Миролюбиво улыбаясь, Сольвейг объясняла ему, что она целительница и может оказаться полезной, ведь не так уж редки несчастные случаи среди экипажа, особенно во время бурь. Капитан некоторое время оценивающе разглядывал свою собеседницу, а затем с сомнением выдал:
–Ты бы себя подлечила... целительница. Ишь, помощь предлагает, а сама зелёная стоит и тощая, в чем тут жизнь держится только? – с нескрываемым скепсисом буркнул он.
Уязвлённая ведьма захлопнула рот и замолчала, глядя мимо капитана на близнецов, в это время беседовавших с Шаэдид.
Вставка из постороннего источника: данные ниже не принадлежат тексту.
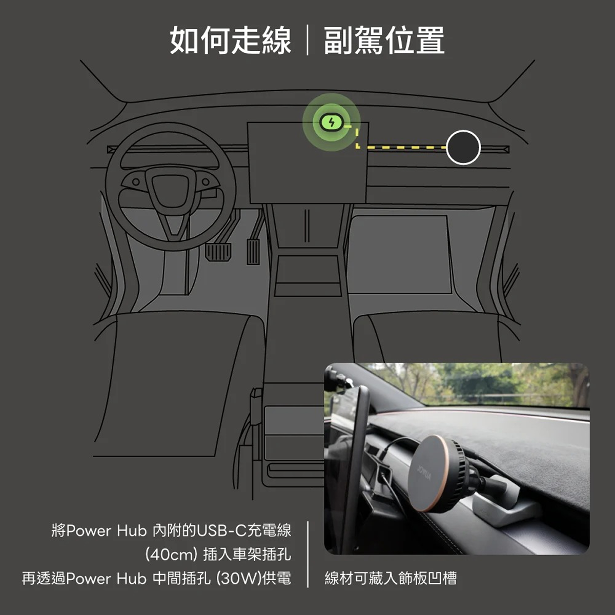 為達Qi2 製冷無線充電車架之最佳充電效能,需請使用30W (15V/2A) 功率之充電配件
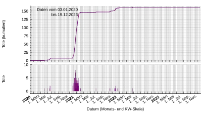 En décembre il y avait 212 cas confirmés et trois décès, portant le nombre de cas à 823 dont dix décès[27].

Они о чем-то вполголоса переговаривались и тихо посмеивались. В любое другое время ведьма не преминула бы встрять в разговор и внести свою лепту. Но сейчас она старалась привлекать как можно меньше внимания к своей персоне, и потому, стиснув зубы, осталась в стороне молчаливым наблюдателем.
Лайе с ироничной улыбкой наблюдал, как Дола прощается с шеддарами. По-дружески он обнялся с Йохаведом, обменялся крепким рукопожатием с вечно хмурым Малакаем. Затем Дола обнял Шаэдид – крепко-крепко, но под пристальным взглядом Сольвейг приложиться ненароком щекой к пышному бюсту воительницы не рискнул.
Едва Дола сделал пару шагов назад, Лайе подошёл к Шаэдид. На губах женщины появилась веселая ухмылка, воительнице явно было интересно узнать, каким будет прощание Лайе. Мельком оглянув всех присутствующих, Лайе шагнул вперёд и, встав на мыски сапог, требовательно поцеловал Шаэдид.
Дола удивленно присвистнул, Сольвейг выпучила глаза, поражённая до глубины души. Капитан шхуны спрятал ухмылку в бороду, Йохавед расплылся в широченной клыкастой улыбке, и один лишь Малакай сохранял недовольное выражение лица.
–Приезжай на Вечную Землю, – тихо сказал Лайе.
–Как решит наш Первый, – так же тихо отозвалась Шаэдид. – Скорее всего я буду нужна здесь, в его отсутствие.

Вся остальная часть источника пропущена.